** Work task **
Each entry that follows is to be copied exactly, minus any pictures.

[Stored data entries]

☆ ☆ ☆ ☆ ☆

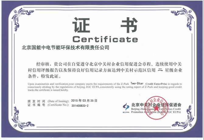 熱烈祝賀我公司榮獲“中關(guān)村示范區(qū)信用二星級企業(yè)證書”。國能中電已連續(xù)一年保持升級,證明國能中電在信用度方面贏得中關(guān)村管委會及中國人民銀行的認(rèn)可,企業(yè)融資能力不斷攀升,我公司可享受比例為25%的企業(yè)貸款貼息。
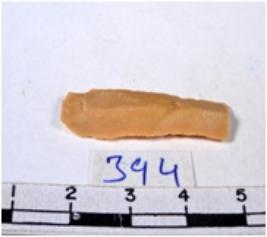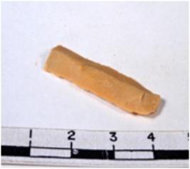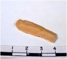 | Description / विवरण | A fragment of a rectangular shaped chert blade showing dorsal sides with sharp edges having smooth surface and uneven section. |
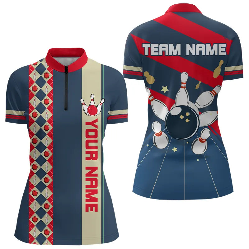 Personalized Red, white and blue Retro bowling Polo, Quarter Zip shirt for women, Bowling Team Jersey NQS9461
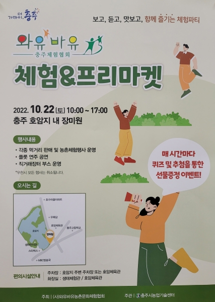 [충청뉴스큐] 충주시농업기술센터는 오는 22일 오전 10시부터 오후 5시까지 충주 호암지 내 장미원 일원에서 ‘와유바유 체험&프리마켓’ 행사를 개최한다고 밝혔다.
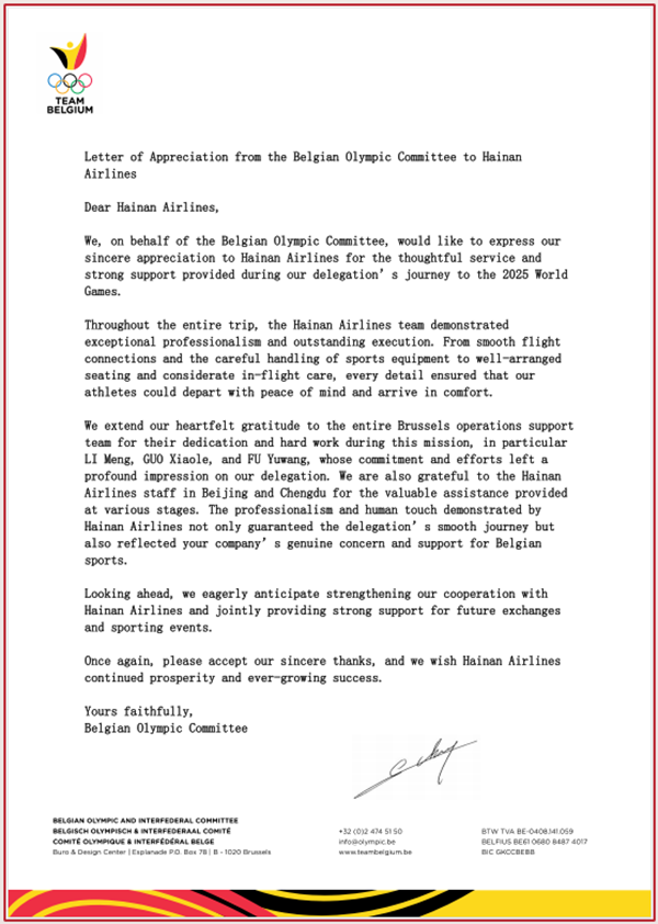 比利时代表团在成都世运会圆满收官 海南航空真情护航获赞誉
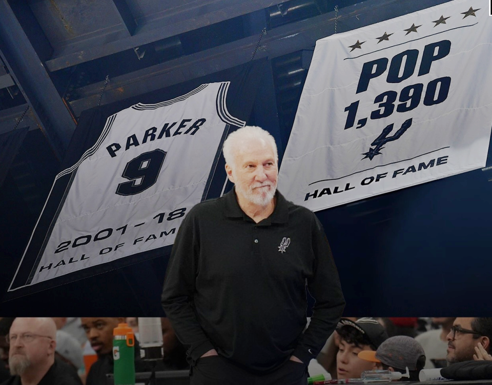 没有盛大的仪式,球迷们抬头望向弗罗斯特银行中心的球馆穹顶,只见一面简约的白色横幅,上面写着“波波1390”,以此致敬他创下的NBA教练生涯胜场纪录。横幅除印有马刺队徽外,顶部还有五颗星,代表波波维奇为这支曾一度战绩低迷的球队带来的5次总冠军;横幅底部则印有“名人堂”字样,以纪念他在2023年入选篮球名人堂。
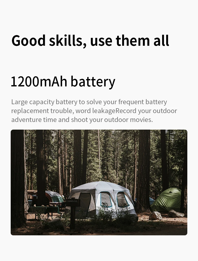 • 1200mAh large-capacity battery provides sufficient power, longer shooting time without frequent battery replacement.
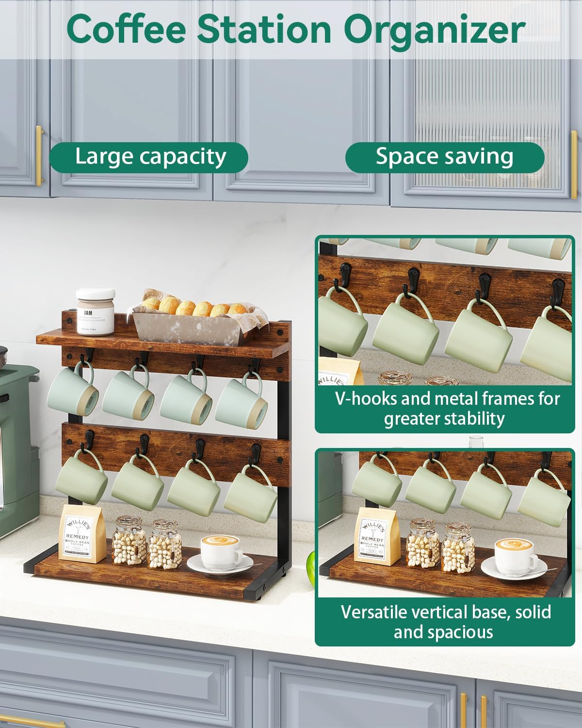 IBUYKE Rustic Coffee Mug Holder Stand, 2 Tier Countertop Mug Tree Holder Rack with Storage Base, Vintage Mug Holders for Kitchen, Holds 8 Mugs, Rustic Brown UTBJ002H
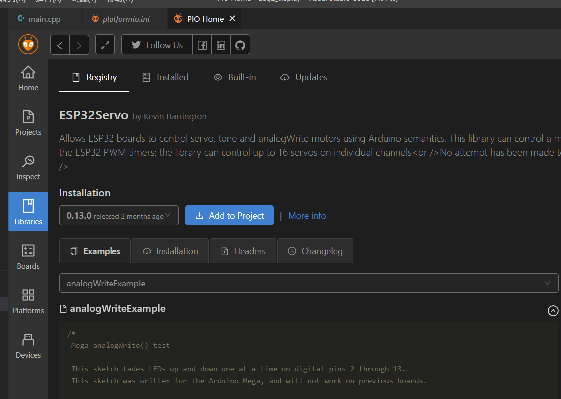 我们可以在 VSCode 的 PlatformIO 中,根据案例了解 ESP32Servo 库的使用方法
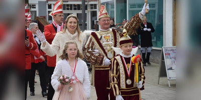 Der Wettergott ist den Narren von Brakel Radau offensichtlich wohlgesonnen, denn sonnig wurde es in der Tat, pünktlich zum offiziellen Helau beim Sturm auf das Rathaus. Prinz Hermann I. und Prinzessin Eva I. sowie das Kinderkönigspaar Henri I. und Pauline I. rückten mit närrischem Aufmarsch an. Ihr Begehr – nebst einer großen Portion Singen, Lachen und Schunkeln – war der goldene Schlüssel der ehrenwerten Verwaltung, und ihnen im Weg standen Robert Rissing und Peter Frischemeier, treue Vertreter des Bürgermeisters Hermann Temme, der sich entschuldigen ließ. Vielleicht ahnend, dass die Karnevalisten auch diesmal wieder siegreich sein würden in ihrer Rathauseroberung? Man kann sich nur auf Gerüchte stützen.
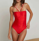 The Aubrey swimsuit features textured shirring that flatters every figure and fully removable straps that allow for a customizable look. Now in bright red.
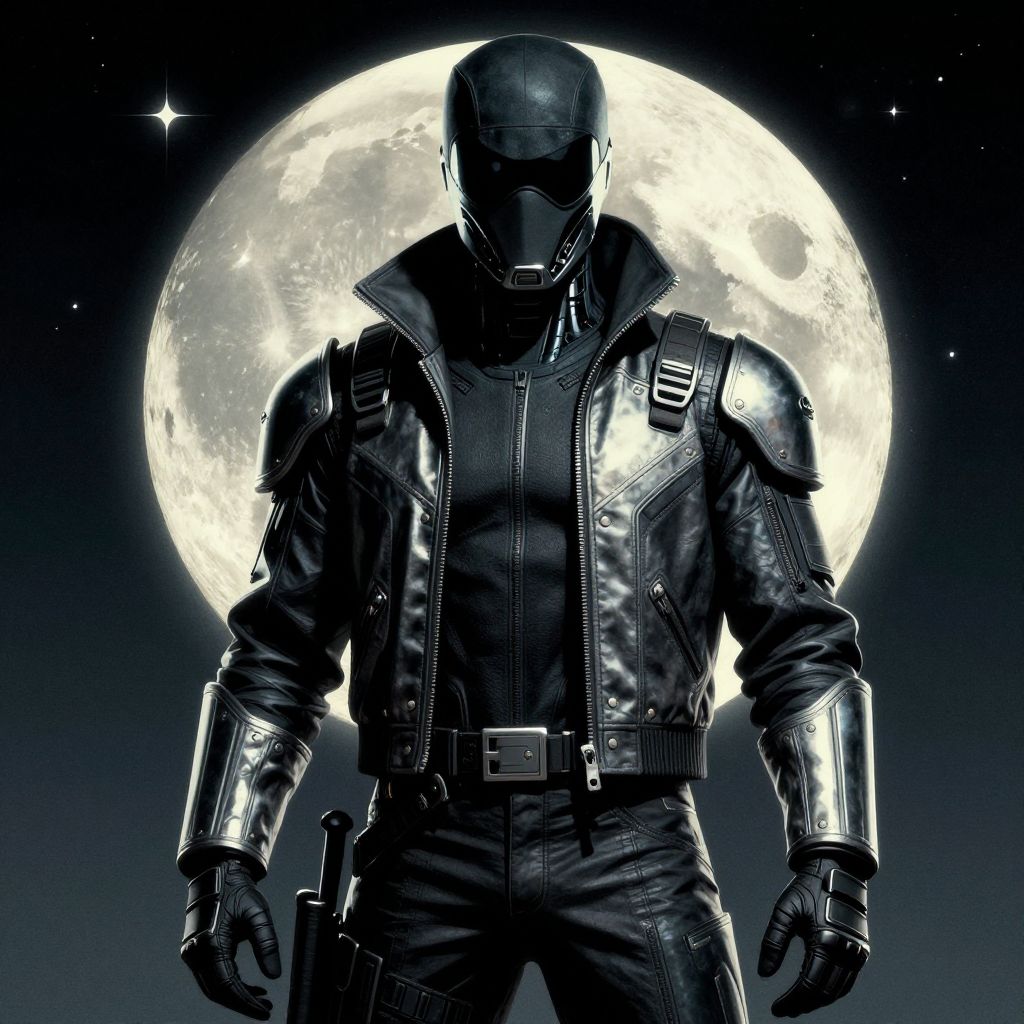 This digital illustration features a silhouette of a muscular, armored figure standing in front of a luminous full moon. The figure wears a black, glossy leather jacket with metallic shoulder pads, a high collar, and matching pants. His face is obscured by a black helmet with a reflective visor. He has armored gloves and a utility belt. A handgun is holstered at his right hip. The background is a starry night sky, emphasizing the glowing moon's bright, white light. The overall color scheme is dominated by blacks and whites, creating a stark, dramatic contrast.
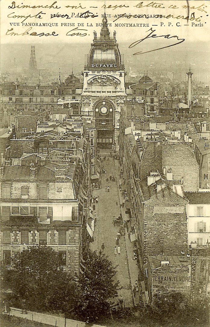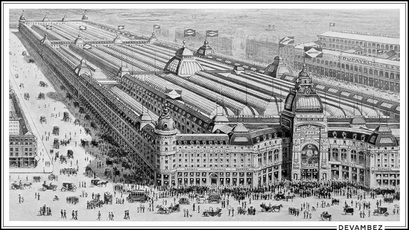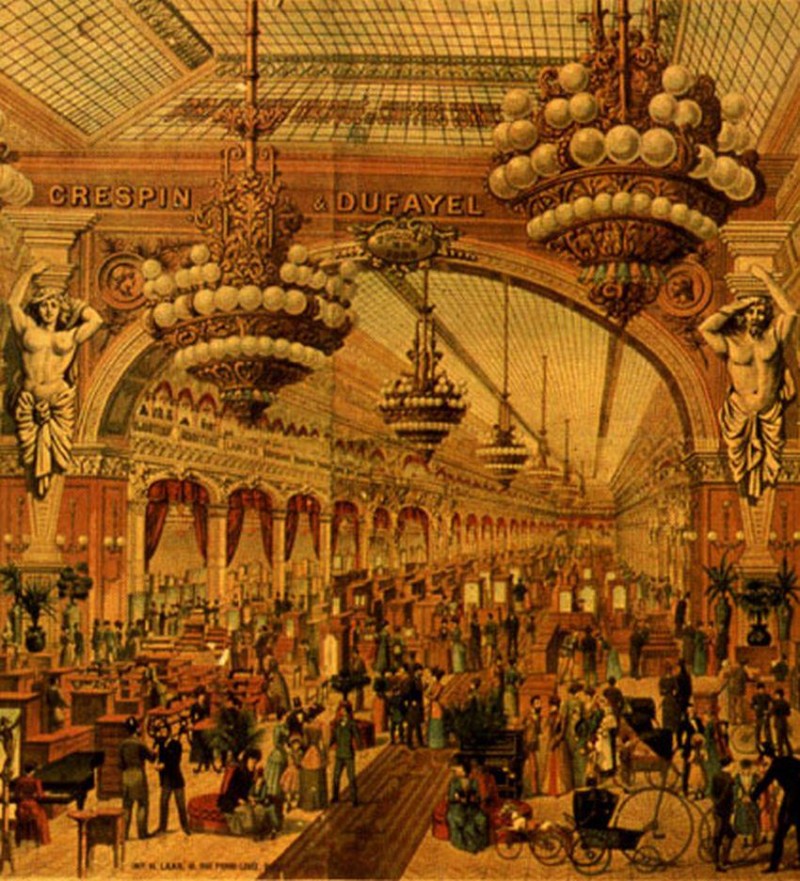 Department stores Dufayel, gigantic company, opened Boulevard Barbes in 1856. These galleries initiated under the guidance of Jules Andre Crespin were then called the “Palais de la Nouveauté”.
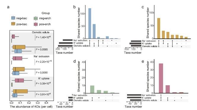 與鹽敏感類群相比,耐鹽細(xì)菌和古菌與耐鹽相關(guān)的KO的豐度都明顯更高。這證明了分組的準(zhǔn)確性。與豐度不同,細(xì)菌和古細(xì)菌之間的耐鹽機(jī)制多樣性也存在很大差異。耐鹽古細(xì)菌往往具有全面的耐鹽機(jī)制。對(duì)于三種最著名的適應(yīng)性抗鹽機(jī)制,76%的耐鹽古細(xì)菌(38個(gè)類群)擁有這三種抗鹽機(jī)制,而只有2%的敏感古細(xì)菌(10個(gè)類群)擁有這三種機(jī)制。細(xì)菌類群則呈現(xiàn)出相反的模式。也就是說,pos-bac類群的耐鹽機(jī)制多樣性較低。
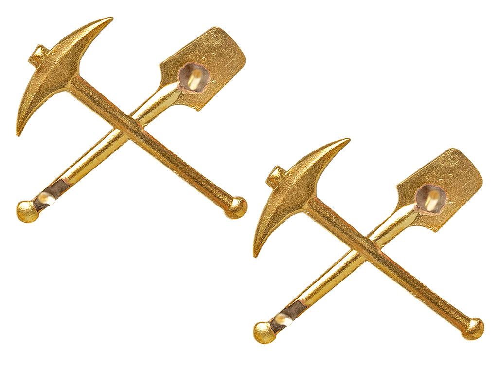 Пара специальных знаков на погоны офицеров полевых и крепостных саперных частей. Копия высокого качества, изготовлены штампом из латуни, позолочены.
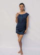 The Wee Sailor dress is from our Saffron Seas collection. This silk satin mini shift dress features a triangle cut out in the back.
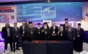 Στρατηγικής σημασίας Σύμφωνο Συνεργασίας, υπεγράφη χθες, την Πέμπτη, μεταξύ της Κεντρικής Ένωσης Δήμων Ελλάδος (Κ.Ε.Δ.Ε.) και του Φιλανθρωπικού Οργανισμού της Ιεράς Αρχιεπισκοπής Αθηνών «ΑΠΟΣΤΟΛΗ» παρουσία του Μακαριωτάτου Αρχιεπισκόπου Αθηνών και πάσης Ελλάδος κ.κ. Ιερωνύμου Β’.
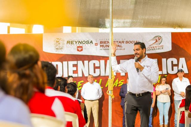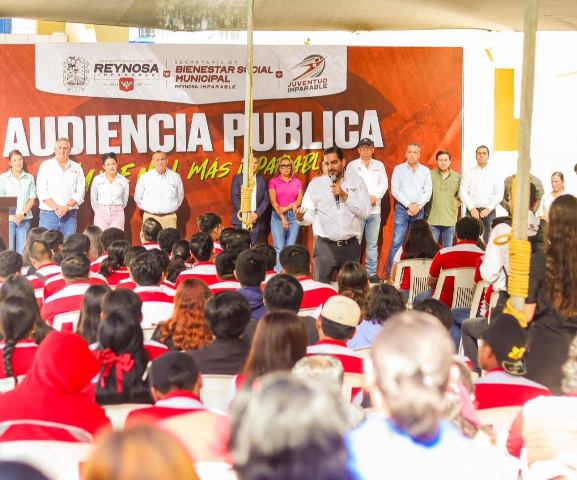 Reynosa, Tam.- El Gobierno Municipal de Reynosa, encabezado por el Alcalde Carlos Peña Ortiz, llevó a cabo una Audiencia Pública Juvenil con estudiantes de la Universidad Tamaulipeca. El evento fue un espacio para que los jóvenes expresaran sus inquietudes y propuestas sobre temas relevantes para su futuro además de que se pusieron a su disposición servicios gratuitos del R. Ayuntamiento.
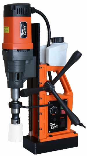 The magnetic base drill is fitted on a strong dual-coil magnet with a maximum core drill capacity of 60mm. The speed is adjustable electronically between 100-440 rpm.
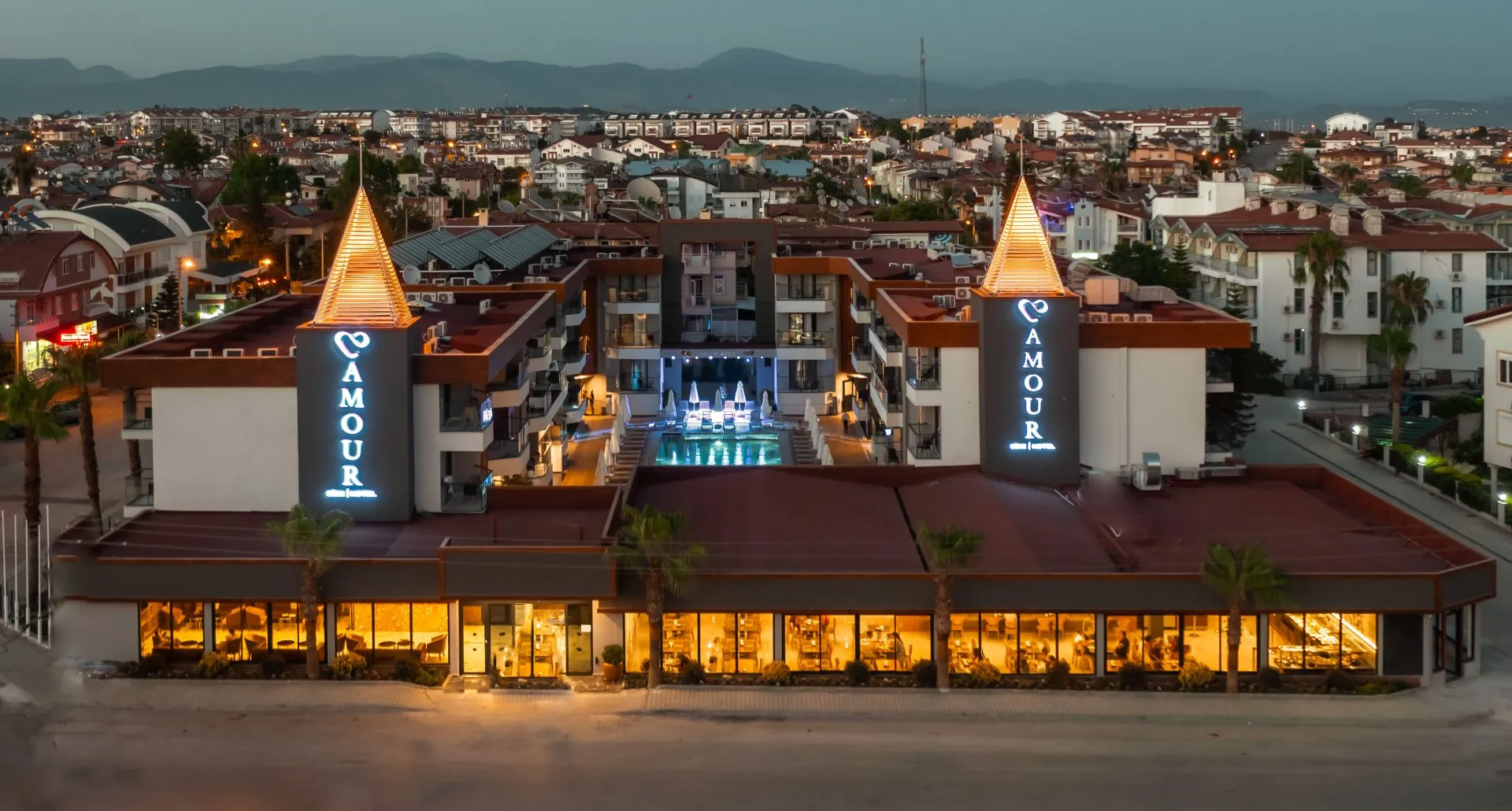 The hotel SIDE AMOUR HOTEL is located approximately 1 km from a beach. The city centre is around 4 km away. There is a shuttle between the hotel and the airport (for a fee). The seasonally air-conditioned hotel has a 24h reception (check-in is possible around the clock), a lobby, internet access, a lift, a boutique, a hairdresser, a first aid kit, parking spaces as well as a TV lounge with satellite TV. Outside there is a children's pool. Furthermore, you can relax outdoors in the garden. Inside the hotel you can use an indoor pool. For your entertainment, the hotel offers a disco. For the young hotel guests there is a playground. You can store your luggage in the hotel's storage room. There is also a laundry service available at an additional cost to customers. Ironing equipment can be borrowed at the hotel. For your comfort the hotel page will ensure you are looked after. The energy supply is 220 Volts. If you want to explore the holiday region, you can use the car and motorbike rental service close to the hotel (extra fee). Due to its barrier-free facilities , such as barrier-free entrances and wheelchair accessible rooms, the hotel is also suitable for wheelchair users. Distances

☆ ☆ ☆ ☆ ☆

** Answer below **
 熱烈祝賀我公司榮獲“中關(guān)村示范區(qū)信用二星級企業(yè)證書”。國能中電已連續(xù)一年保持升級,證明國能中電在信用度方面贏得中關(guān)村管委會及中國人民銀行的認(rèn)可,企業(yè)融資能力不斷攀升,我公司可享受比例為25%的企業(yè)貸款貼息。
 | Description / विवरण | A fragment of a rectangular shaped chert blade showing dorsal sides with sharp edges having smooth surface and uneven section. |
 Personalized Red, white and blue Retro bowling Polo, Quarter Zip shirt for women, Bowling Team Jersey NQS9461
 [충청뉴스큐] 충주시농업기술센터는 오는 22일 오전 10시부터 오후 5시까지 충주 호암지 내 장미원 일원에서 ‘와유바유 체험&프리마켓’ 행사를 개최한다고 밝혔다.
 比利时代表团在成都世运会圆满收官 海南航空真情护航获赞誉
 没有盛大的仪式,球迷们抬头望向弗罗斯特银行中心的球馆穹顶,只见一面简约的白色横幅,上面写着“波波1390”,以此致敬他创下的NBA教练生涯胜场纪录。横幅除印有马刺队徽外,顶部还有五颗星,代表波波维奇为这支曾一度战绩低迷的球队带来的5次总冠军;横幅底部则印有“名人堂”字样,以纪念他在2023年入选篮球名人堂。
 • 1200mAh large-capacity battery provides sufficient power, longer shooting time without frequent battery replacement.
 IBUYKE Rustic Coffee Mug Holder Stand, 2 Tier Countertop Mug Tree Holder Rack with Storage Base, Vintage Mug Holders for Kitchen, Holds 8 Mugs, Rustic Brown UTBJ002H
 我们可以在 VSCode 的 PlatformIO 中,根据案例了解 ESP32Servo 库的使用方法
 Der Wettergott ist den Narren von Brakel Radau offensichtlich wohlgesonnen, denn sonnig wurde es in der Tat, pünktlich zum offiziellen Helau beim Sturm auf das Rathaus. Prinz Hermann I. und Prinzessin Eva I. sowie das Kinderkönigspaar Henri I. und Pauline I. rückten mit närrischem Aufmarsch an. Ihr Begehr – nebst einer großen Portion Singen, Lachen und Schunkeln – war der goldene Schlüssel der ehrenwerten Verwaltung, und ihnen im Weg standen Robert Rissing und Peter Frischemeier, treue Vertreter des Bürgermeisters Hermann Temme, der sich entschuldigen ließ. Vielleicht ahnend, dass die Karnevalisten auch diesmal wieder siegreich sein würden in ihrer Rathauseroberung? Man kann sich nur auf Gerüchte stützen.
 The Aubrey swimsuit features textured shirring that flatters every figure and fully removable straps that allow for a customizable look. Now in bright red.
 This digital illustration features a silhouette of a muscular, armored figure standing in front of a luminous full moon. The figure wears a black, glossy leather jacket with metallic shoulder pads, a high collar, and matching pants. His face is obscured by a black helmet with a reflective visor. He has armored gloves and a utility belt. A handgun is holstered at his right hip. The background is a starry night sky, emphasizing the glowing moon's bright, white light. The overall color scheme is dominated by blacks and whites, creating a stark, dramatic contrast.
 Department stores Dufayel, gigantic company, opened Boulevard Barbes in 1856. These galleries initiated under the guidance of Jules Andre Crespin were then called the “Palais de la Nouveauté”.
 與鹽敏感類群相比,耐鹽細(xì)菌和古菌與耐鹽相關(guān)的KO的豐度都明顯更高。這證明了分組的準(zhǔn)確性。與豐度不同,細(xì)菌和古細(xì)菌之間的耐鹽機(jī)制多樣性也存在很大差異。耐鹽古細(xì)菌往往具有全面的耐鹽機(jī)制。對(duì)于三種最著名的適應(yīng)性抗鹽機(jī)制,76%的耐鹽古細(xì)菌(38個(gè)類群)擁有這三種抗鹽機(jī)制,而只有2%的敏感古細(xì)菌(10個(gè)類群)擁有這三種機(jī)制。細(xì)菌類群則呈現(xiàn)出相反的模式。也就是說,pos-bac類群的耐鹽機(jī)制多樣性較低。
 Пара специальных знаков на погоны офицеров полевых и крепостных саперных частей. Копия высокого качества, изготовлены штампом из латуни, позолочены.
 The Wee Sailor dress is from our Saffron Seas collection. This silk satin mini shift dress features a triangle cut out in the back.
 Στρατηγικής σημασίας Σύμφωνο Συνεργασίας, υπεγράφη χθες, την Πέμπτη, μεταξύ της Κεντρικής Ένωσης Δήμων Ελλάδος (Κ.Ε.Δ.Ε.) και του Φιλανθρωπικού Οργανισμού της Ιεράς Αρχιεπισκοπής Αθηνών «ΑΠΟΣΤΟΛΗ» παρουσία του Μακαριωτάτου Αρχιεπισκόπου Αθηνών και πάσης Ελλάδος κ.κ. Ιερωνύμου Β’.
 Reynosa, Tam.- El Gobierno Municipal de Reynosa, encabezado por el Alcalde Carlos Peña Ortiz, llevó a cabo una Audiencia Pública Juvenil con estudiantes de la Universidad Tamaulipeca. El evento fue un espacio para que los jóvenes expresaran sus inquietudes y propuestas sobre temas relevantes para su futuro además de que se pusieron a su disposición servicios gratuitos del R. Ayuntamiento.
 The magnetic base drill is fitted on a strong dual-coil magnet with a maximum core drill capacity of 60mm. The speed is adjustable electronically between 100-440 rpm.
 The hotel SIDE AMOUR HOTEL is located approximately 1 km from a beach. The city centre is around 4 km away. There is a shuttle between the hotel and the airport (for a fee). The seasonally air-conditioned hotel has a 24h reception (check-in is possible around the clock), a lobby, internet access, a lift, a boutique, a hairdresser, a first aid kit, parking spaces as well as a TV lounge with satellite TV. Outside there is a children's pool. Furthermore, you can relax outdoors in the garden. Inside the hotel you can use an indoor pool. For your entertainment, the hotel offers a disco. For the young hotel guests there is a playground. You can store your luggage in the hotel's storage room. There is also a laundry service available at an additional cost to customers. Ironing equipment can be borrowed at the hotel. For your comfort the hotel page will ensure you are looked after. The energy supply is 220 Volts. If you want to explore the holiday region, you can use the car and motorbike rental service close to the hotel (extra fee). Due to its barrier-free facilities , such as barrier-free entrances and wheelchair accessible rooms, the hotel is also suitable for wheelchair users. Distances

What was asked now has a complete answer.